3. Replace the constraint with one that has the trigger found in the previous step as the antecedent.

The predicate that is responsible for separating existential quantifiers from the antecedent of a constraint is find_narrow_vars/3. For example, consider the following call to find_narrow_vars/3.

find_narrow_vars(A^B^C(A;(B,C)),Antec,Vars)

This will unify Antec with A;(B,C), and Vars with [C,B,A].

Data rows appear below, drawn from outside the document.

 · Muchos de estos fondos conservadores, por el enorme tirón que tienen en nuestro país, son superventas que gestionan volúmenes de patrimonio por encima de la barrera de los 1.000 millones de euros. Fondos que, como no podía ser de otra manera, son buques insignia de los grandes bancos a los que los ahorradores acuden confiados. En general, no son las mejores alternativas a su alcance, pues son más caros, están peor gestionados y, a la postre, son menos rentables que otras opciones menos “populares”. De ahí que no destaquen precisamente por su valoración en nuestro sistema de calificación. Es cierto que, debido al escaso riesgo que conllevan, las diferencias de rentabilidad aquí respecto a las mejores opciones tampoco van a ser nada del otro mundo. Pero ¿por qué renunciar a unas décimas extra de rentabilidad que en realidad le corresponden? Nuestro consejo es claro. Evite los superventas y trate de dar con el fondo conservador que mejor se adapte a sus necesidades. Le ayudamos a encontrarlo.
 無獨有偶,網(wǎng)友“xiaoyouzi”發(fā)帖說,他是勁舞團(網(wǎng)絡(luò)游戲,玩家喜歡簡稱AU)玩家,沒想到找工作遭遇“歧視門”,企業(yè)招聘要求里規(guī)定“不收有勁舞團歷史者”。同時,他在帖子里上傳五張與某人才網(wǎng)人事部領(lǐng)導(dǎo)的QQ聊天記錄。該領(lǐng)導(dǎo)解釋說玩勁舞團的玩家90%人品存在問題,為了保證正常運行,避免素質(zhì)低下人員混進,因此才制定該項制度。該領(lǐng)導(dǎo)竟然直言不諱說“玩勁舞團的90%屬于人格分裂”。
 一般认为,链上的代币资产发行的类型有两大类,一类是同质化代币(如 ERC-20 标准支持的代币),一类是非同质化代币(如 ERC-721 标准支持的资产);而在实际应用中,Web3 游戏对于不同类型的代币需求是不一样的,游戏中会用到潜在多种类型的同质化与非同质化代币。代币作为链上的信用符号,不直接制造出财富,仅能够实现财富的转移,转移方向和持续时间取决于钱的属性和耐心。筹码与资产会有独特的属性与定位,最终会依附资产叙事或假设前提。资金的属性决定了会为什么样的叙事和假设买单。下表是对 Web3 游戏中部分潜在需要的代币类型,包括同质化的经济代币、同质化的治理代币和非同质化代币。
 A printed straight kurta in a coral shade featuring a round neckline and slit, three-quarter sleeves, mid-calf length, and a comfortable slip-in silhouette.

The next step is to find a trigger for the complex antecedent. The trigger is the most specific type whose most general satisfier subsumes the most general satisfier of the antecedent. The predicate find_trigger_type/3 is responsible for finding the trigger. There are five possibilities, as follows:

• $trigger(\tau)=\tau$ where $\tau\in Type$
• $trigger(x)=\bot$ where $x$ is a variable
• $trigger(F)=intro(F)$ where $F\in Feat$ and $intro(F)$ is the introducer of $F$
• $trigger(\phi_1\wedge\phi_2)=trigger(\phi_1)\sqcup trigger(\phi_2)$
• $trigger(\phi_1\vee\phi_2)=trigger(\phi_1)\sqcap trigger(\phi_2)$

The final step is to assert a kind of type-antecedent constraint for the trigger. The difference between this and a regular type-antecedent constraint is that in the former, the constraint only applies to a subset of objects of the specified type: those that match the description given in the original complex-antecedent.

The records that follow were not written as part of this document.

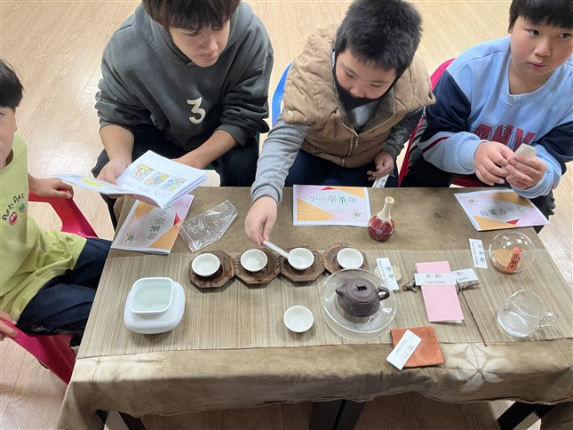 文 / 基金會副組長 林姵君 圖 / 基金會「感謝台灣這土地,讓我平安快樂真美麗!」(Kám-siā Tâi-uân tsit kuè thóo-tē, hōo guá pîng-an khuài-lo̍k, tsin bí-lē!) 融合多元族群的台灣,宗教信仰自由且極具包容力,除了最大宗的民俗信仰,也經常可見體系多元的教會,透過關懷、分享資源、社會服務及教育,來投入社區營造,瞭解並滿足鄰近住民的需求,帶來希望與支持力量,成為社區的守望者與服務者。 其中,教會與社區的最珍貴的關係就在於陪伴與認同。對基金會而言,我們同樣也期望以「茶」讓孩子找到內心安放之所,並能夠多多傳遞奉茶感恩心的意義,除了長年合作的萬華兒童服務中心以外,也積極尋找合適的公益機構來辦理茶公益營隊,我們從去年參與過《建築好好玩》到你家工作坊的團體中,延續與貴格會海山教會附設〈社團法人中華民國愛與希望協會〉的緣分,希望能透過台灣茶來認識我們所居住的、豐饒的台灣,也經由茶會多樣的面貌與美感,滋養孩子們的生活日常。▼認識不同的茶器具▼配合年節氣氛,寫小春聯字靜心▼學習辨識碧螺春、包種茶、紅茶 結業茶席上,協會的老師告訴我們,其實不只是這裡的孩子,連她身為年長者,都未曾有機會這樣好好地坐下來,品嚐一杯透過精緻的茶道儀軌所奉上的茶。這次參與茶冬令營的孩子,年齡橫跨國小3年級到國中3年級,大家在茶文化面前都是第一次體驗的新手,在有限的四堂課中,一起學習茶的基礎知識:認識茶器具、台灣的茶產地、寫小春聯的靜心活動,以及孩子們最期待的品茗及泡茶體驗,還有整個營隊的重頭戲—一起籌備結業茶會。 營隊期間我們觀察到社服孩子們出色的活動力、自制力,以及互助、傳承的美德。協會的老師與志工用心爭取資源,讓孩子們在協會一起吃飯、寫作業、遊戲,除了進行社區弱勢家庭兒童陪讀,也關懷社區長者並提供日間照顧。其中讓我們最驚訝的是孩子們的超快速反應力,既能把握短暫的下課時間玩樂,又能瞬間切換回座位、進入上課狀態。父母不在身邊的這段共學時光,孩子們得以在安全的團體中彼此依靠,年長的大哥哥大姊姊學習領導較年幼的孩子,成為師長們得力的小幫手,而團體生活中避免不了的摩擦與困境,更是高年級生們培養解決問題的「實戰演練」。▼泡茶的練習彩排▼練習向客人說明茶席 在最後一天的結業茶席前,就出現了一段讓人難忘的插曲,一位年紀較小的孩子,三天的茶課過程中都頻頻喊燙、喊苦,有時候還嚷嚷著拒絕喝茶,但在課堂中玩得開心、也沒有明顯的不滿或抗拒,甚至在各組分配茶會工作崗位時,自告奮勇要擔任最主要的小茶人,結果卻在練習時太過興奮,一時忘了規矩禮儀而被老師請到一旁規勸,因而鬧起脾氣拒絕參與正式彩排,錯過原本能擔任茶主人的機會!他氣呼呼地站在一旁看著同學如期進行彩排,大家在泡茶時有說有笑、虛心接受老師的細節指導,竟然紅了眼眶,默默躲到牆角,拒絕其他同學的關心。 正當我們有點擔心他的情緒在正式茶會前是否能緩和下來時,同桌的組長大哥哥早就細心地觀察到他的所有表情,趁著大家繼續下一組茶席的彩排時,走過去悄悄地對他說:「等等你先去當茶侶,中間可以交換當茶人,但是你要答應守規矩。」孩子破涕為笑,立刻收拾好情緒,開心地坐上茶席,也比之前多了一分謹慎穩重。這讓我們看見混齡學習的價值,年紀稍長的孩子,多了一份觀察與成熟,更懂得如何照顧他人;而年紀較小的孩子,則在被理解與陪伴中,重新找回勇氣。這個微小的瞬間,高年級生的高情商表現及展現出的互信關懷,年幼的孩子在理解與包容中重獲機會,並有了顯著的成長,最後大家一起開心圓滿地完成這人生第一次的茶會展演,至今回想起來仍令人動容。▼為客人泡茶及送點心 愛與希望協會正如其名,以愛為出發點,關懷貧困弱勢家庭,以福音陪伴走出狹隘心靈,倡導正確的人生觀並提升生活品質。這也與在基金會的茶課中必不能少的〈感謝歌〉相得益彰,我們帶領部分不熟悉台語的孩童們一起讀出對父母、師長、同儕以及天地土地的感恩心,孩子們甚至從第三天開始就已不需要老師引導與字幕,能獨立自然地唸完整首〈感謝歌〉!而協會的師長,也會在感謝歌之後帶領大家一起低頭禱告:「讓我們閉起眼睛、合起雙手,親愛的天父上帝,我們獻上感恩,感謝祢如此眷愛我們的孩子,因為有天父上帝的愛,也讓我們有能力、有智慧地來愛這群孩子,我們更看見祢為孩子們帶來許多資源,讓他們有機會在各方面多多學習,我們看見這麼多的恩典在這個地方,更知道他們是蒙愛的。也祝福長虹教育基金會,讓這些付出為他們恩上加恩、利上加利,得以服務更多有需要的孩子們。謝謝恩主,並祝福在座的每一位。禱告奉耶穌盛名,Amen。」深感這場茶公益冬令營,孩子們用自己的方式互相學習、扶持,展現出對茶文化的熱誠,讓茶席不只有茶香,也傳遞信任和成長的力量,在充滿愛與希望的祝福下,增添成長過程中一幀幀美麗的回憶。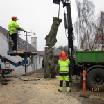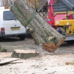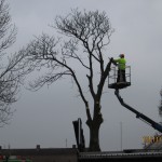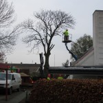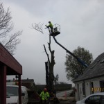 Den 15. november 2012. Kastanietræet var frostsprængt og der var nogle af de meget store grene i toppen, der var døde. Træet stod på kommunens grund, og det var derfor kommunens egne folk, som fjernede træet. Det tog ca. tre timer. Stubben mangler at blive fræset væk, så der kan blive lagt grus hen over. Billederne taler vist for sig selv. Klik her for at se kommunens flismaskine i arbejde.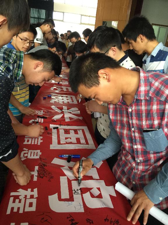 在会议的最后,同学们纷纷在倡议横幅上签字承诺,会议取得圆满成功。

Let us suppose there is a predicate, whenfs(X=Desc,Goal), which delays Goal until X was subsumed by the most general satisfier of description Desc. Thus all principles $\alpha \Longrightarrow (\gamma \wedge \rho)$ could be converted into:

$$trigger(\alpha) \Longrightarrow x\ \wedge\ \mathtt{whenfs}((x=\alpha), ((x=\gamma) \wedge \rho))$$

This typically involves compiling unifications of feature structures into unifications of their term encodings plus a type check to see whether one or more constraint consequents need to be enforced.

Figure 7.1: Part of the signature underlying the FMP constraint

For example, if we formulate the Finiteness Marking Principle (FMP) for German as the following complex-antecedent constraint (assuming the type signature depicted in Figure 7.1):

synsem:loc:cat:(head:verb,marking:fin)
     *> synsem:loc:cat:head:vform:bse

then we can observe that the antecedent is a feature value description (F:$\phi$), so the trigger is intro(SYNSEM), the unique introducer of the SYNSEM feature, which happens to be the type sign. We can then transform this constraint, as follows:

sign cons X goal whenfs((X=synsem:loc:cat:(head:verb,
                                           marking:fin)),
                        (X=synsem:loc:cat:head:vform:bse)).

The effect of the hypothetical whenfs/3 predicate is achieved by ALE's coroutining predicate, when_type/3 (see Chapter 6), and farg/3. Given when_type(Type,FS,Goal), ALE delays Goal until FS is of type Type. farg(F,X,FVal) binds FVal to the argument position of term encoding X that corresponds to the feature F once X has been instantiated to a type for which F is appropriate.

The corresponding type-antecedent constraint generated for our example is thus as follows:

sign cons X 
     goal (farg(synsem,X,SynVal),farg(loc,SynVal,LocVal),
           farg(cat,LocVal,CatVal),farg(head,CatVal,HdVal),
           when_type(verb,HdVal,(farg(marking,CatVal,MkVal),
           when_type(fin,MkVal,
                     (X=synsem:loc:cat:head:vform:bse))))).

The above constraint now waits until the value of the HEAD feature of SYNSEMLOCCAT in a sign is verb and the value of its MARKING feature is fin before it enforces the constraint, which is unifying X with synsem:loc:cat:head:vform:bse.